> [Action item] Retype the lines below exactly, but only those from the line that has "The ARREST Trial" through the line that has "Снять руль, пластиковый". Omit every picture.

> [Input data]
----

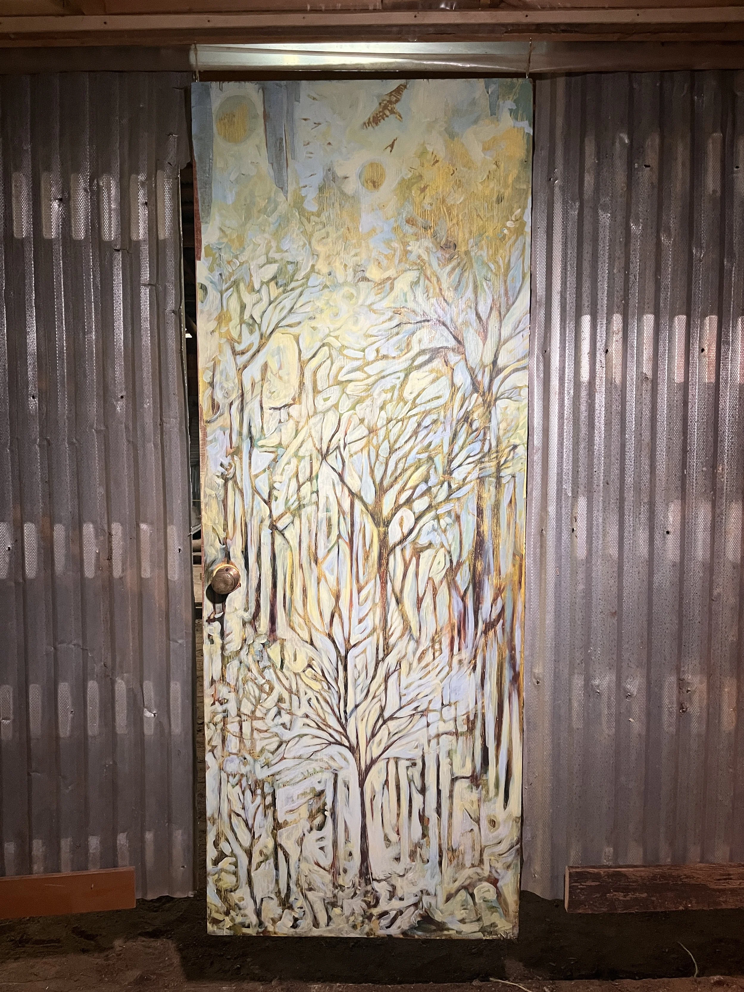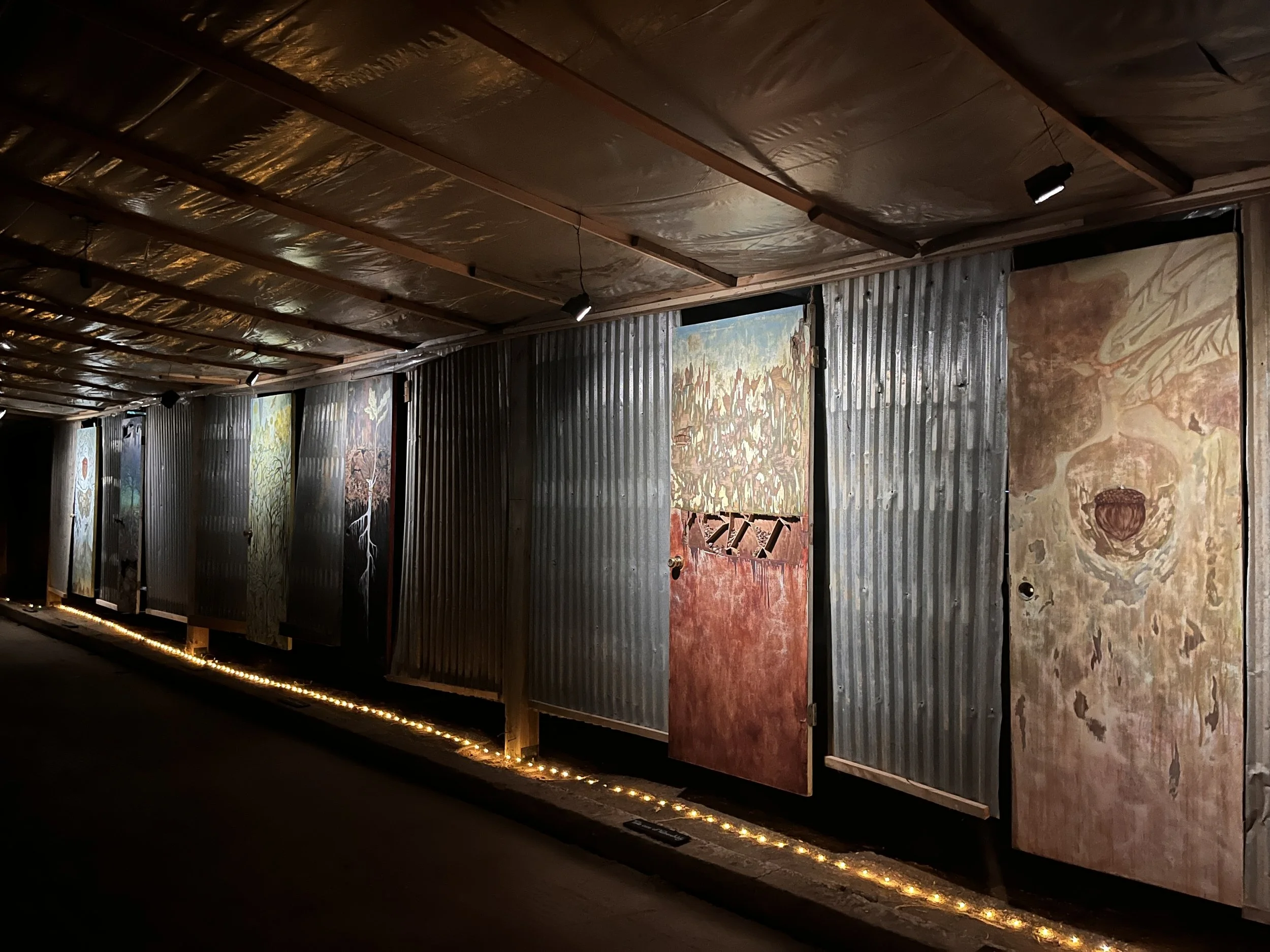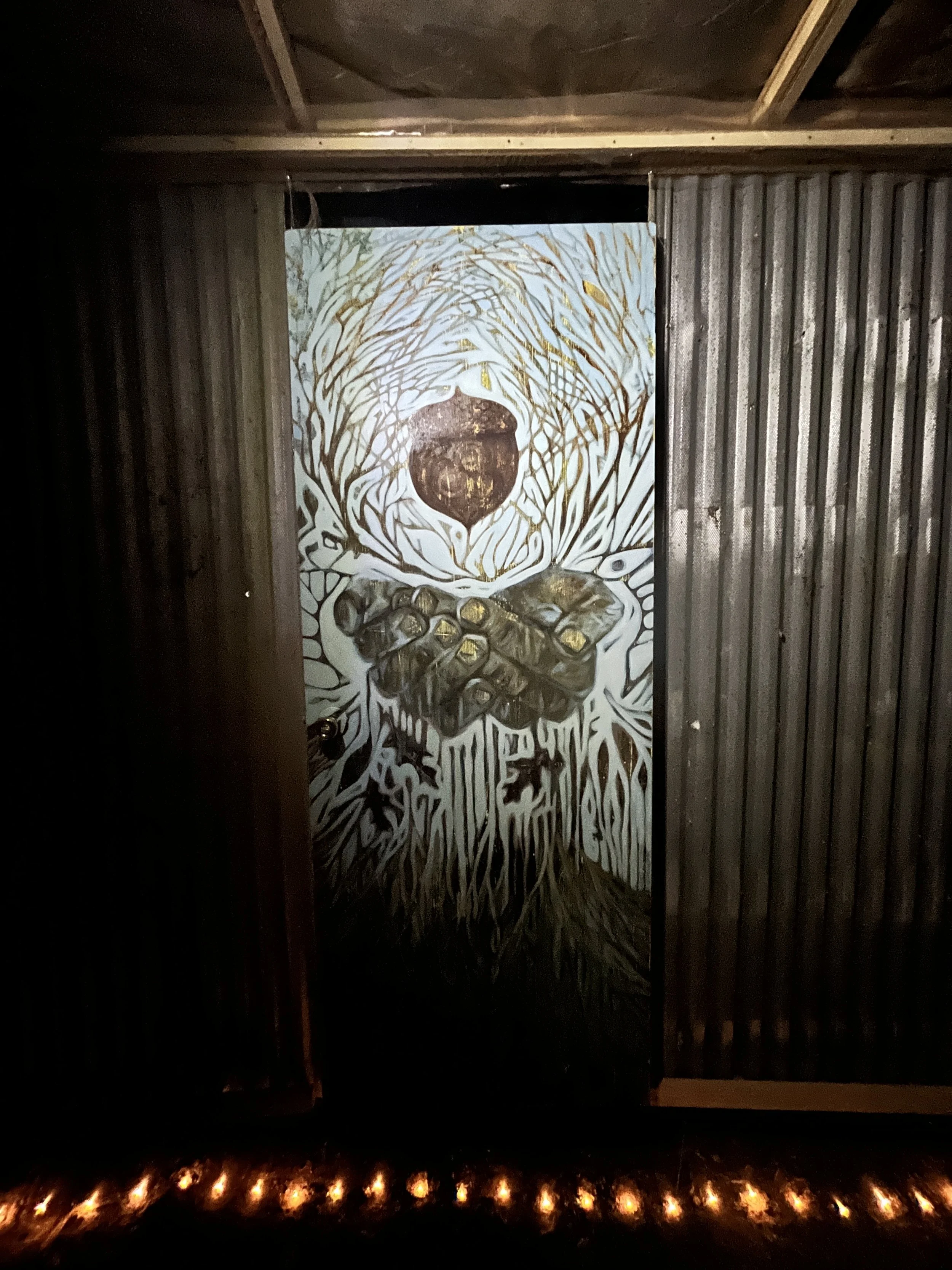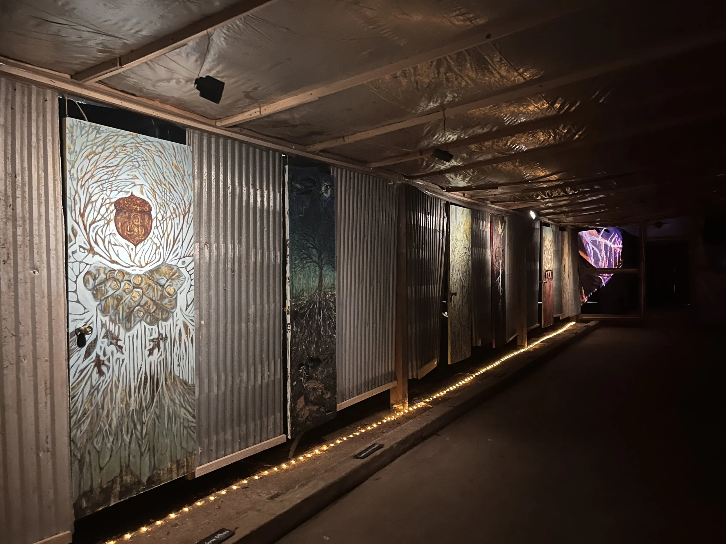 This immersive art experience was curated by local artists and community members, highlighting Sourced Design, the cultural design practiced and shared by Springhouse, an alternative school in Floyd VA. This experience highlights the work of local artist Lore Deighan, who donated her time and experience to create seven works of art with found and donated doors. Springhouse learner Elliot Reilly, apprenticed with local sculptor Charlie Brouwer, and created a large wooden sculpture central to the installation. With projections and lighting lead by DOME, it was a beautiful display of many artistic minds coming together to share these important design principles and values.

----

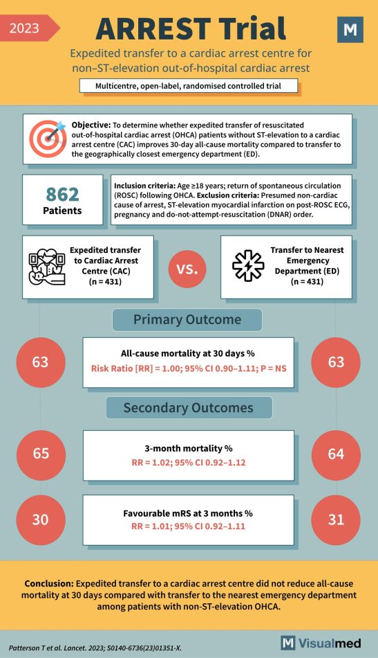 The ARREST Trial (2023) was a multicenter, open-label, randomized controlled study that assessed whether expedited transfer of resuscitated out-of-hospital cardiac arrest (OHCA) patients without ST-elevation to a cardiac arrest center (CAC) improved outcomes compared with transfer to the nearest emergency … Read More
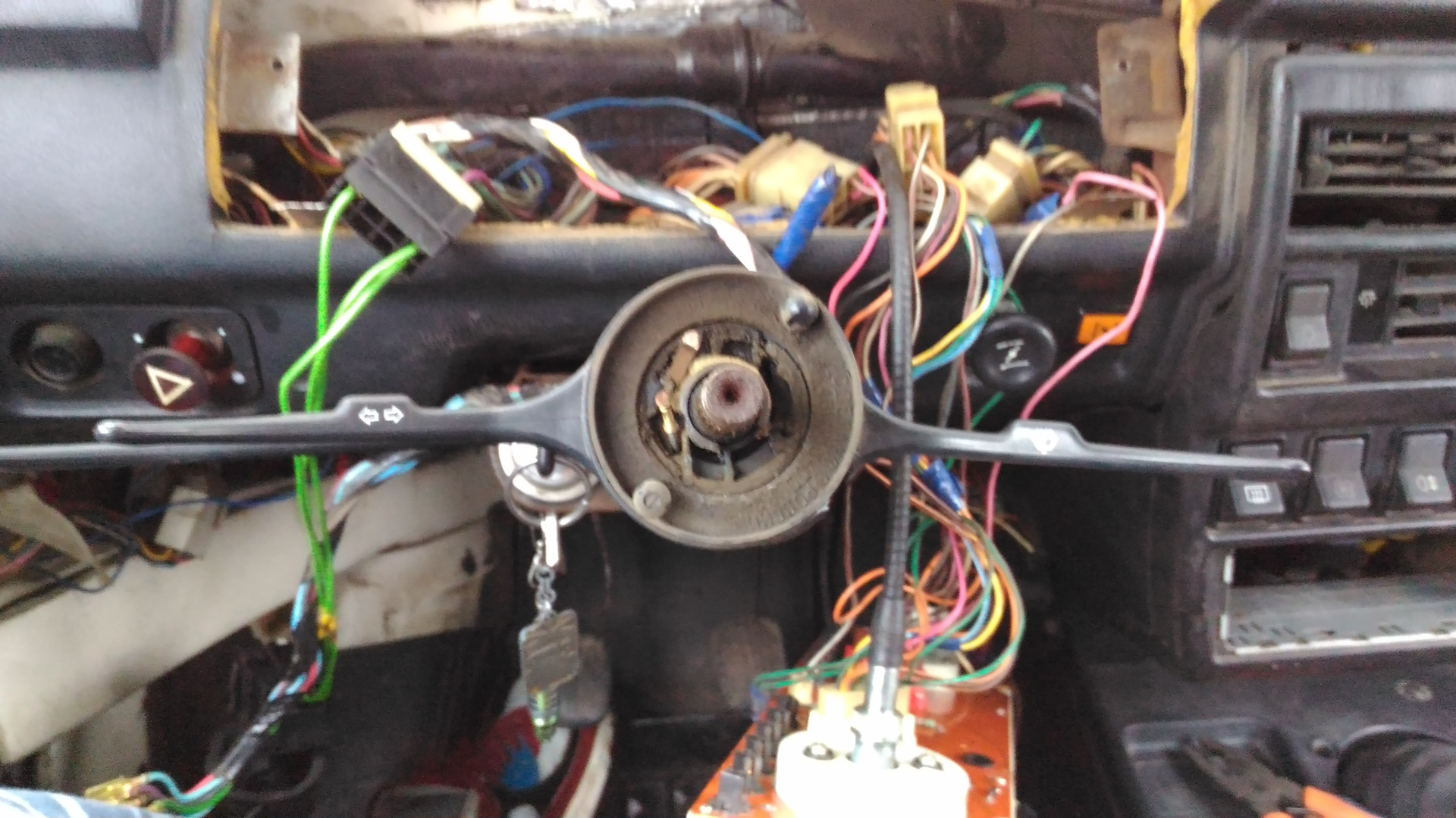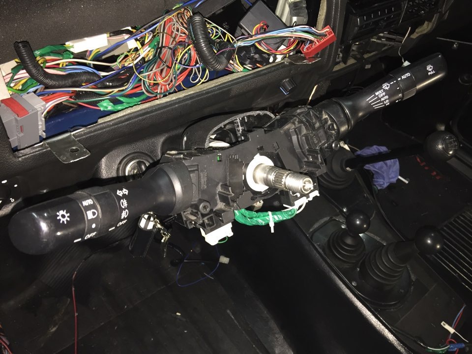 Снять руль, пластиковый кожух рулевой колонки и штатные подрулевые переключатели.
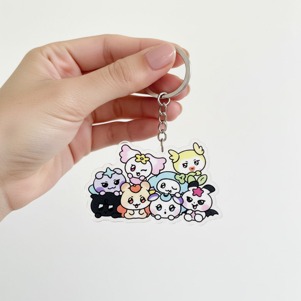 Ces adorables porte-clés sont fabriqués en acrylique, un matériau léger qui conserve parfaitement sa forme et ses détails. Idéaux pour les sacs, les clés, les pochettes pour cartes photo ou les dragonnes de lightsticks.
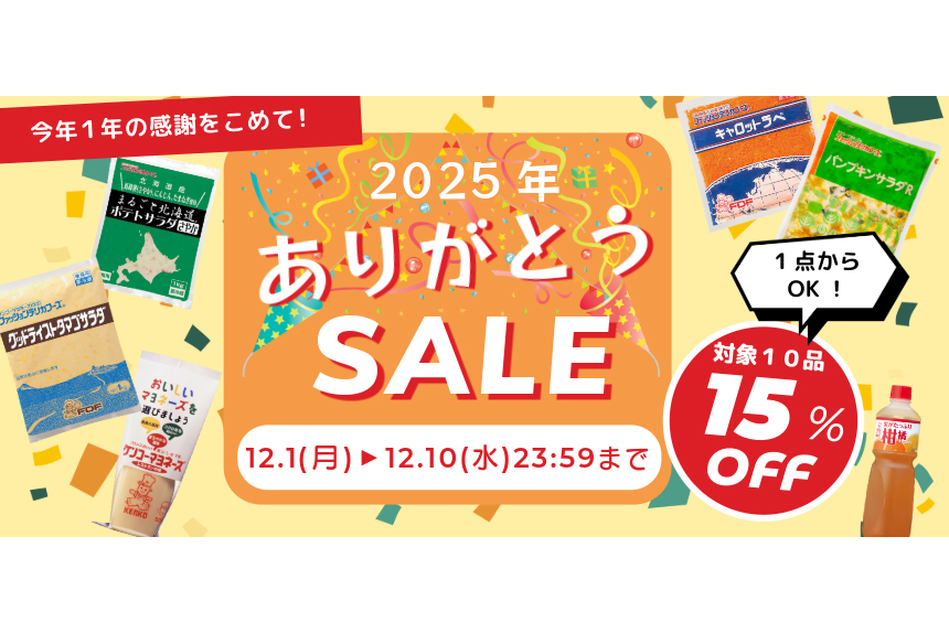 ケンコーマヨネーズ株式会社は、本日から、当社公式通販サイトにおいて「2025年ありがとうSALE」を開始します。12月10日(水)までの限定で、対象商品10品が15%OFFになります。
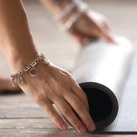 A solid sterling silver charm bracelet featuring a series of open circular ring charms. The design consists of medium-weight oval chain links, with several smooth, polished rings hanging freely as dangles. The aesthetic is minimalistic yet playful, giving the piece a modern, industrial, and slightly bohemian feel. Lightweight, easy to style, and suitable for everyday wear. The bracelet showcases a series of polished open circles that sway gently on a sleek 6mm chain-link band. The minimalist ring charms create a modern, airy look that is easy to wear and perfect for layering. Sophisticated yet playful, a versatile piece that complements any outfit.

----

> [Finished exercise]
 The ARREST Trial (2023) was a multicenter, open-label, randomized controlled study that assessed whether expedited transfer of resuscitated out-of-hospital cardiac arrest (OHCA) patients without ST-elevation to a cardiac arrest center (CAC) improved outcomes compared with transfer to the nearest emergency … Read More
 Снять руль, пластиковый кожух рулевой колонки и штатные подрулевые переключатели.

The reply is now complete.